** TASK DETAILS **
Everything in the listing except the pictures should be written out exactly.

** DATASET SECTION **
☆ ☆ ☆
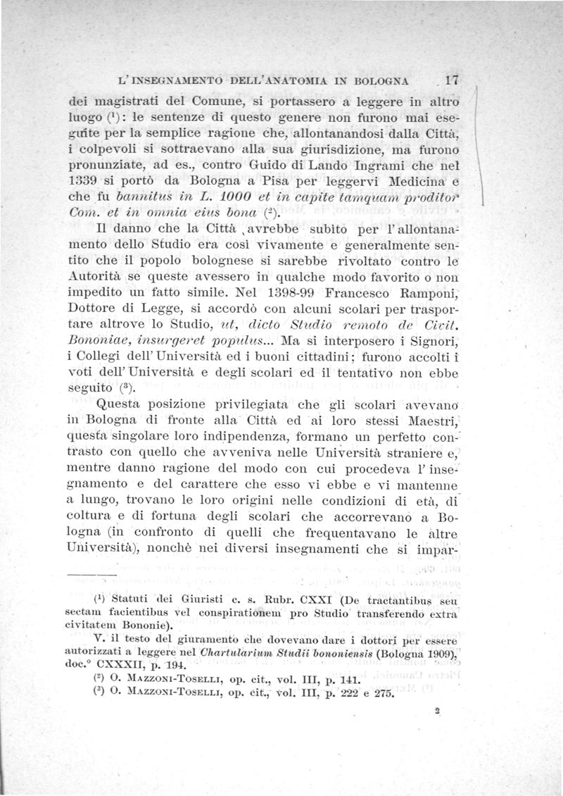 L'insegnamento dell' anatomia in Bologna prima del secolo XIX
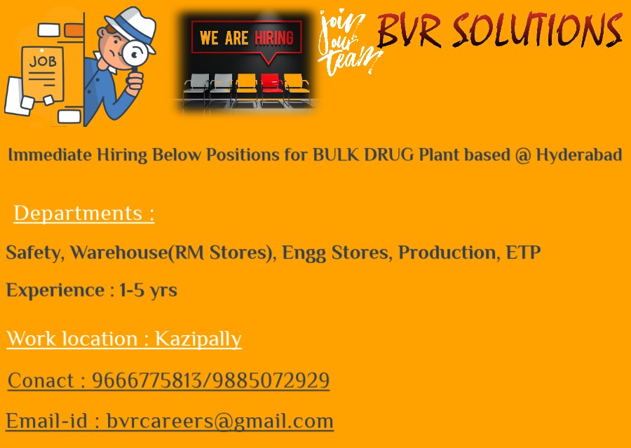Urgent Hiring for QC,Safety,Warehouse,Engg Store,Production,ETP, Logistics Head Openings
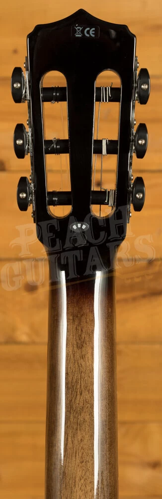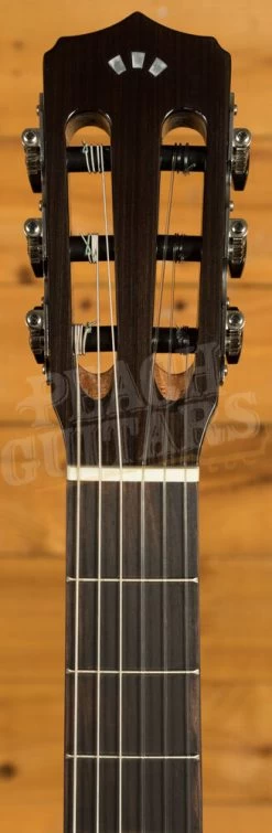 This guitar is an excellent balance between traditional woods combined and modern design. The rosette is a pearl style, the body is bound in and the guitar has a gloss-finish – this all amounts to tremendous value for money. The guitar also includes Fishman’s Sonitone Classical pickup system. Fishman are a leading brand for pickups and preamps for guitars and the Sonitone has discreetly mounted soundhole controls so that a hole does not need to be cut from the side of the guitar.
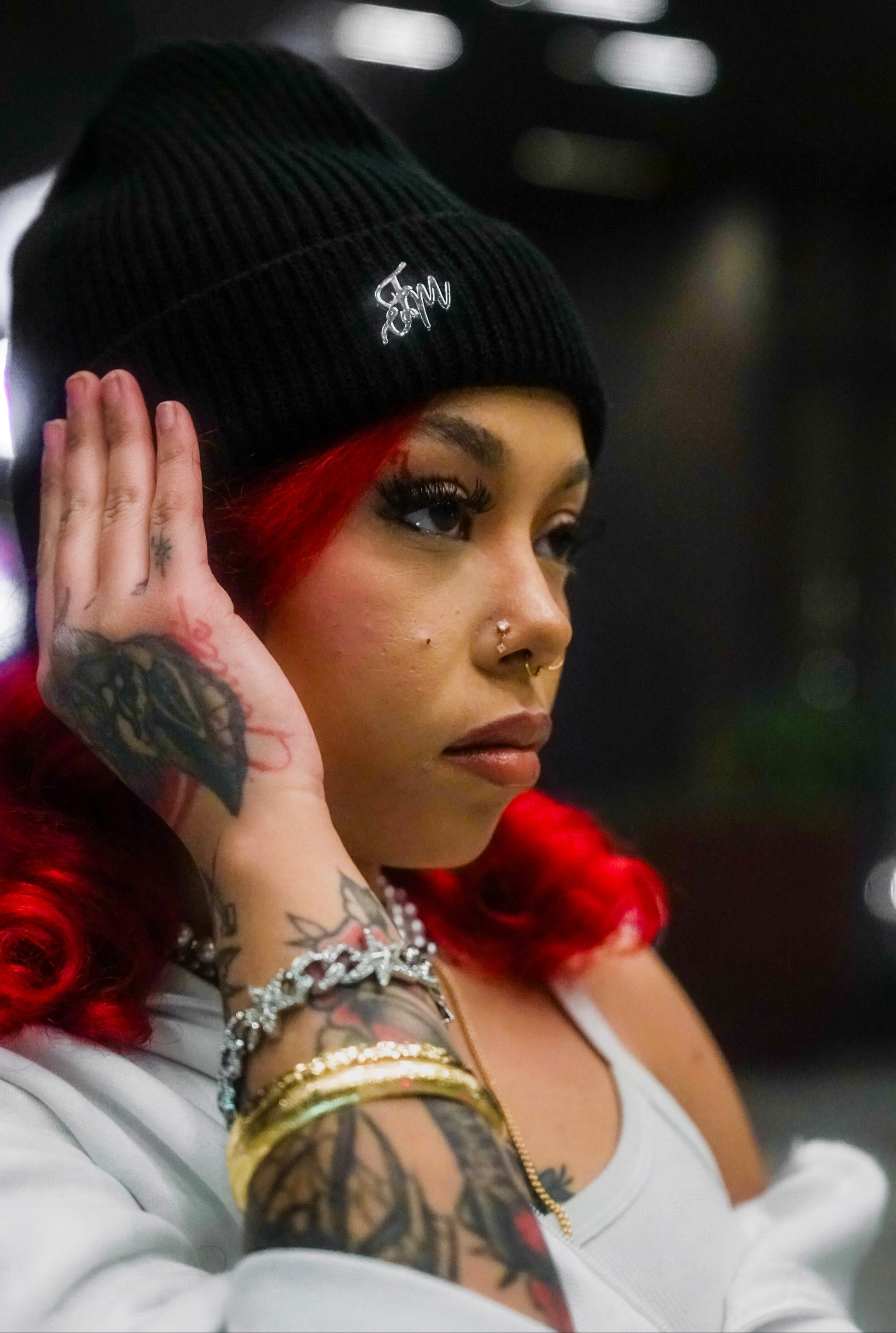 The Focused Motions beanie comes in bold colors and is perfect for cold weather. It’s made from soft 100% cashmere with a ribbed knit design and a smooth satin lining inside to protect your hair. The beanie has a folded cuff with a silver gold FM logo for a clean, stylish look.
☆ ☆ ☆
** SOLUTION **
 L'insegnamento dell' anatomia in Bologna prima del secolo XIX
Urgent Hiring for QC,Safety,Warehouse,Engg Store,Production,ETP, Logistics Head Openings
 This guitar is an excellent balance between traditional woods combined and modern design. The rosette is a pearl style, the body is bound in and the guitar has a gloss-finish – this all amounts to tremendous value for money. The guitar also includes Fishman’s Sonitone Classical pickup system. Fishman are a leading brand for pickups and preamps for guitars and the Sonitone has discreetly mounted soundhole controls so that a hole does not need to be cut from the side of the guitar.
 The Focused Motions beanie comes in bold colors and is perfect for cold weather. It’s made from soft 100% cashmere with a ribbed knit design and a smooth satin lining inside to protect your hair. The beanie has a folded cuff with a silver gold FM logo for a clean, stylish look.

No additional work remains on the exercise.